# What is your ideal aging RH? and is your prefered smoking RH different?



## jdfutureman (Sep 20, 2010)

OK so in my travels back through the archives and my desire to start truly aging some cc's, I wanted to ask everyone what is your prefered RH setting for long term storage. 

I also am curious if your prefered smoking RH varies from your LT storage RH. I know some like to dry box so some may prefer a different number when you light up:flame:


----------



## Hannibal (Apr 22, 2011)

Good question. I've been thinking about this too. I'm interested in seeing what some of the FOG's say.


----------



## Habano (Jul 5, 2010)

For sticks that I am aging, and aging only, I keep the RH between 59-61% as my cooler fluctuates a little bit.
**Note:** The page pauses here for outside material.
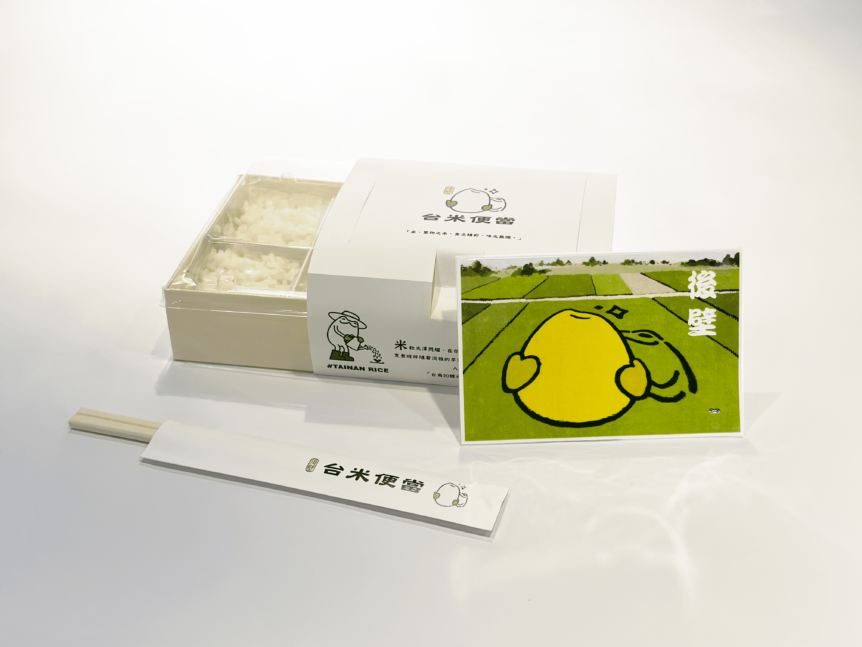 設計理念: 為推廣台南後壁區,針對年輕米食愛好者設計盲盒便當,期望顧客在食用時富有新鮮感及趣味之外,也能產生一定的話題性。便當米飯主要使用台南 20 號米,一款與 111 年新研發的新稻種為主體,希望藉由便當行銷讓人們喚起對米業的重視以及支持當地農產品,吸引顧客回流到後壁旅行。

If I see it going higher than 63%, I add a few more beads to bring it back down to the 60% mark.

Also while we are talking about aging and RH%, I keep the temps in the 60-62 degree range.


----------



## bpegler (Mar 30, 2006)

I keep my cigars around 60-62%. I only dry box big cigars.


----------



## David_ESM (May 11, 2011)

I sit in the 64-66% range. I only dry out certain cigars that, I have learned from experience, need a lower RH. But that isn't many.


----------



## asmartbull (Aug 16, 2009)

I try to keep everything around 60 rh +/-


----------



## TonyBrooklyn (Jan 28, 2010)

57-63% at any given time!
Kitty Litter makes it simple!


----------



## casadooley (Jul 11, 2006)

For aging and smoking my Habanos I like to keep my RH right around 65%.


----------



## dvickery (Jan 1, 2000)

age at 62%
open boxes...i smoke at 65%-66%

works for me.

derrek


----------



## Scott W. (Jul 10, 2008)

60 to 62 for me. Especially CC's and Opus (I know that sounds snobby but it's not meant to be).


----------



## Herf N Turf (Dec 31, 2008)

Count me in the 60% camp, but this is only because Heartfelt don't make 58% beads!

There is a good argument for "aging" long term at higher temps and RH, as it affords faster fermentation, gas exchange and breakdown of tannins. Since I never know what I'm going to smoke, I just keep everything pretty much ready to go.

Non-Cubans for me, tend to do better at 65%.


----------



## lebz (Mar 26, 2011)

I haven't been in the Cigar game long enough to begging shoveling sticks to the side for long aging but I have decided I prefer to smoke them at 60-65. My Humi sits around 64%. I used to smoke in the 70 range (when I got my first small beginner Humi).. but I have seen the light in the 60s! Burns better


----------



## jdfutureman (Sep 20, 2010)

Herf N Turf said:


> Count me in the 60% camp, but this is only because Heartfelt don't make 58% beads!
> 
> There is a good argument for "aging" long term at higher temps and RH, as it affords faster fermentation, gas exchange and breakdown of tannins. Since I never know what I'm going to smoke, I just keep everything pretty much ready to go.
> 
> Non-Cubans for me, tend to do better at 65%.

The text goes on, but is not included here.